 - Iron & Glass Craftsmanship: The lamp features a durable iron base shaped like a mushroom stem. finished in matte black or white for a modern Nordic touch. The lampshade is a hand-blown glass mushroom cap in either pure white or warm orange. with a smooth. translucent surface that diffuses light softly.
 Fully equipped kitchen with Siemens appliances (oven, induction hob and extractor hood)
___
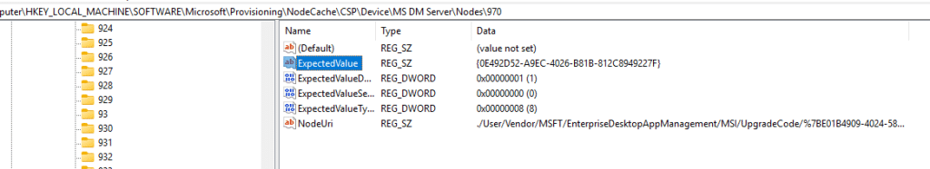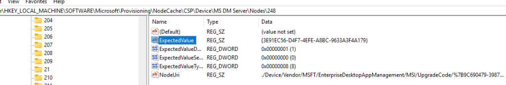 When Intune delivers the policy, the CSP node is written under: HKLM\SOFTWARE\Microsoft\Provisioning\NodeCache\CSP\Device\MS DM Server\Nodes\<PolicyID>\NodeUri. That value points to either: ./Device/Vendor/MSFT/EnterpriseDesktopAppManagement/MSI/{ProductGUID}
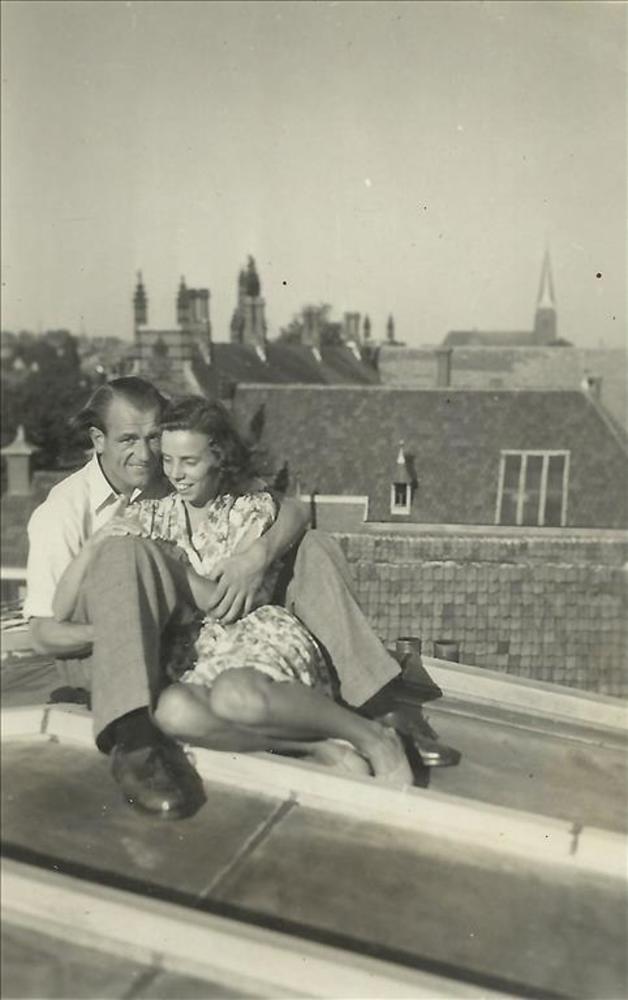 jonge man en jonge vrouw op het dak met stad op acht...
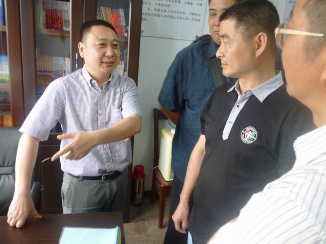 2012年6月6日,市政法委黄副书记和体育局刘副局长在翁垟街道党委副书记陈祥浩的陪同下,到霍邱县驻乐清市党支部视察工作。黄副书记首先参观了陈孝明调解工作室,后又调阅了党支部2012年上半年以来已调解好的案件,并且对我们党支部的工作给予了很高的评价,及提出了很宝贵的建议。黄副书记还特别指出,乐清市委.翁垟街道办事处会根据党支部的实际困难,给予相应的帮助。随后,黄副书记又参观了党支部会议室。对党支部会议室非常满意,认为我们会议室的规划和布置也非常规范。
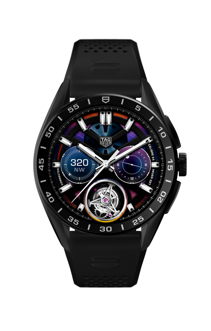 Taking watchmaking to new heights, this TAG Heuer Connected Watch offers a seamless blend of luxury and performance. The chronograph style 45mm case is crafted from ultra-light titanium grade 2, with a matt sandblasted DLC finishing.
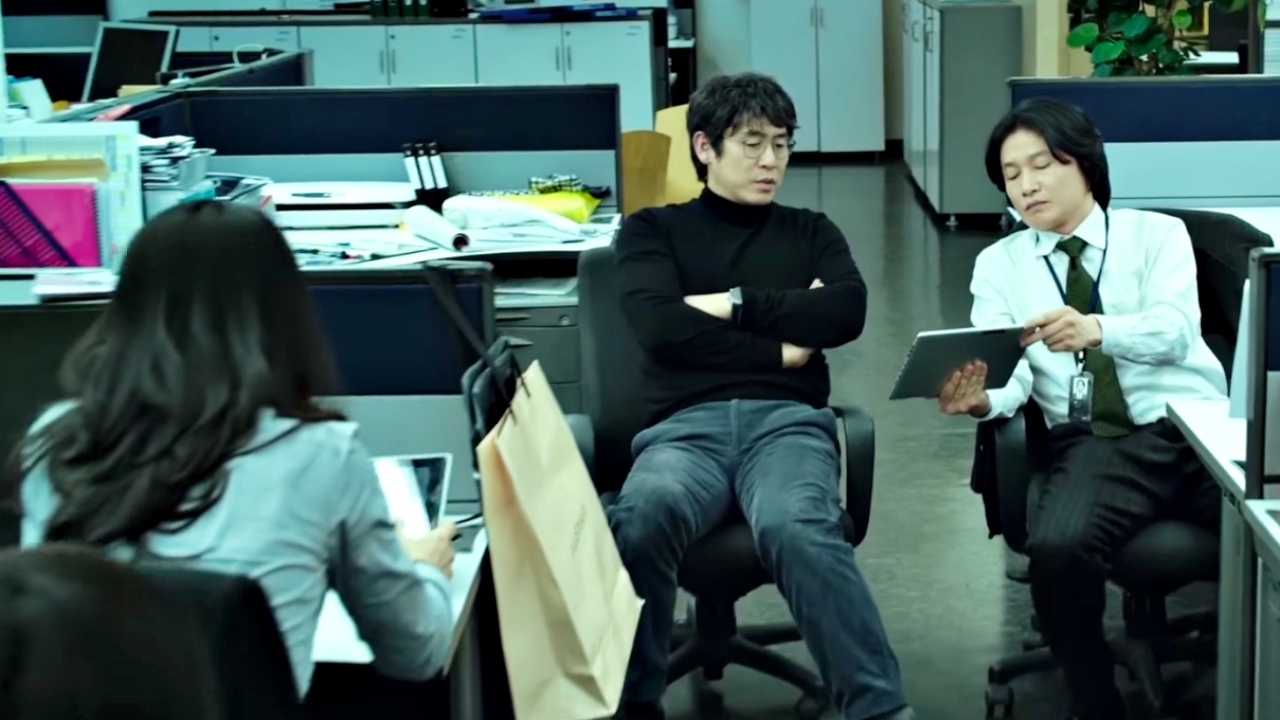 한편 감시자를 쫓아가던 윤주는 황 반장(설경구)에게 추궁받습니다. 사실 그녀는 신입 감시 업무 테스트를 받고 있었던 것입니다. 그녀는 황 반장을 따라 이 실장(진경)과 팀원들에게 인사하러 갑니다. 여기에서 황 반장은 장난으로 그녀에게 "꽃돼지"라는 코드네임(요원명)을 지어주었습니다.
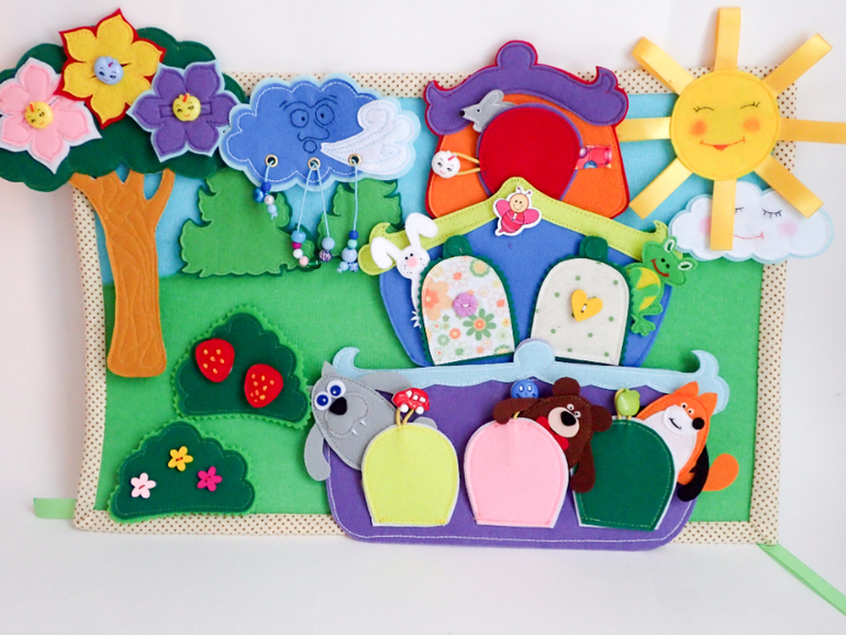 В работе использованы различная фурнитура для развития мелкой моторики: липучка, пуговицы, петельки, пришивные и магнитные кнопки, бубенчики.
___
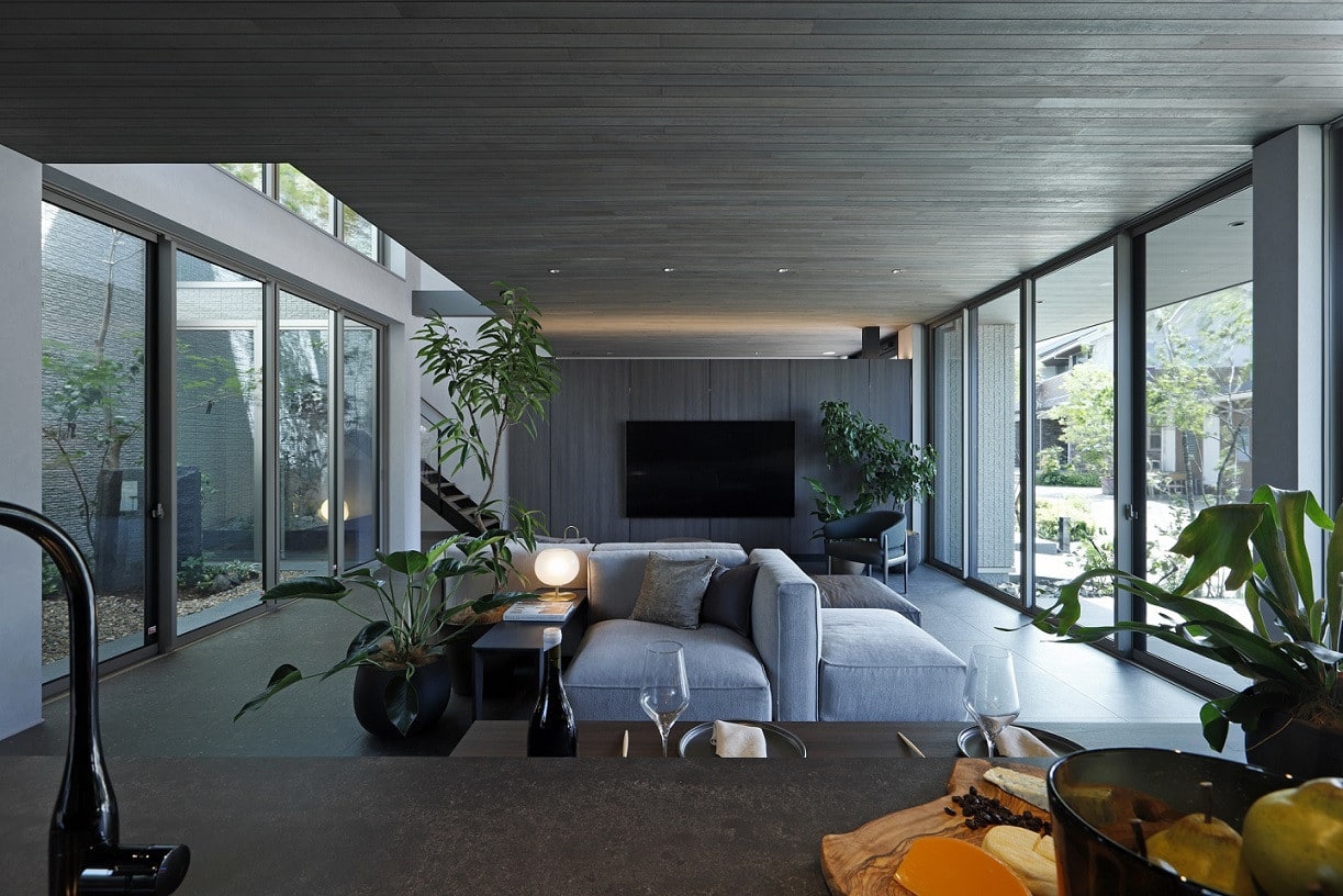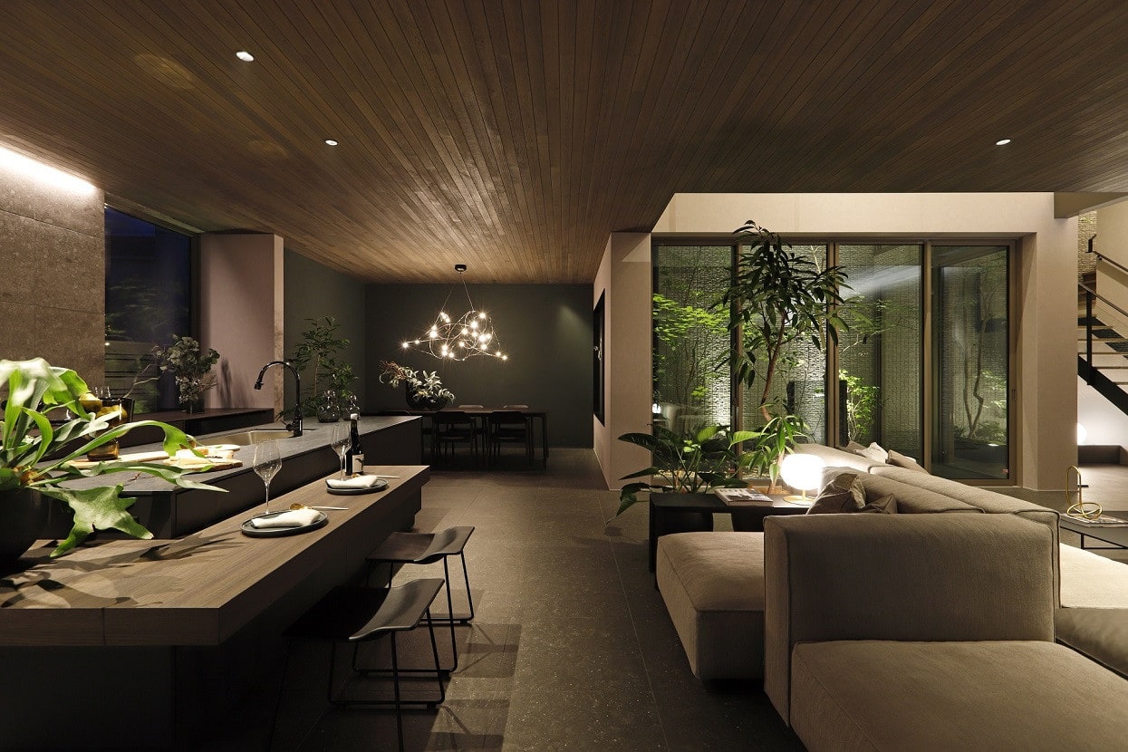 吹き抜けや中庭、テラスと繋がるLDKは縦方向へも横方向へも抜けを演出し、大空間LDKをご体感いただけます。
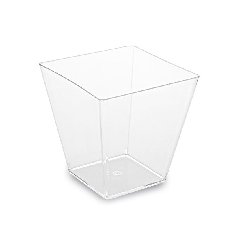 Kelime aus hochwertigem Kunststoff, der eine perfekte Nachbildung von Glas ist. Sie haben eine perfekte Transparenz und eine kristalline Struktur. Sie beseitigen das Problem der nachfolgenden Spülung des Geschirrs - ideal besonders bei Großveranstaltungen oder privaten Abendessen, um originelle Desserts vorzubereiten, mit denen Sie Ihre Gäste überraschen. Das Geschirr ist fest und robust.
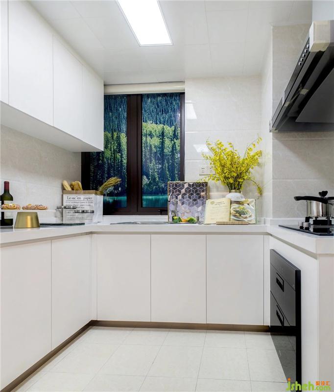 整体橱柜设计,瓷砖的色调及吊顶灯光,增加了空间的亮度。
___
**The task**
Leave out every picture, and copy exactly the lines above starting at the one holding "吹き抜けや中庭、テラスと繋が" and ending at the one holding "整体橱柜设计,瓷砖的色调及吊顶灯光,增加了空间的亮度。", no more and no less.

**Response**
 吹き抜けや中庭、テラスと繋がるLDKは縦方向へも横方向へも抜けを演出し、大空間LDKをご体感いただけます。
 Kelime aus hochwertigem Kunststoff, der eine perfekte Nachbildung von Glas ist. Sie haben eine perfekte Transparenz und eine kristalline Struktur. Sie beseitigen das Problem der nachfolgenden Spülung des Geschirrs - ideal besonders bei Großveranstaltungen oder privaten Abendessen, um originelle Desserts vorzubereiten, mit denen Sie Ihre Gäste überraschen. Das Geschirr ist fest und robust.
 整体橱柜设计,瓷砖的色调及吊顶灯光,增加了空间的亮度。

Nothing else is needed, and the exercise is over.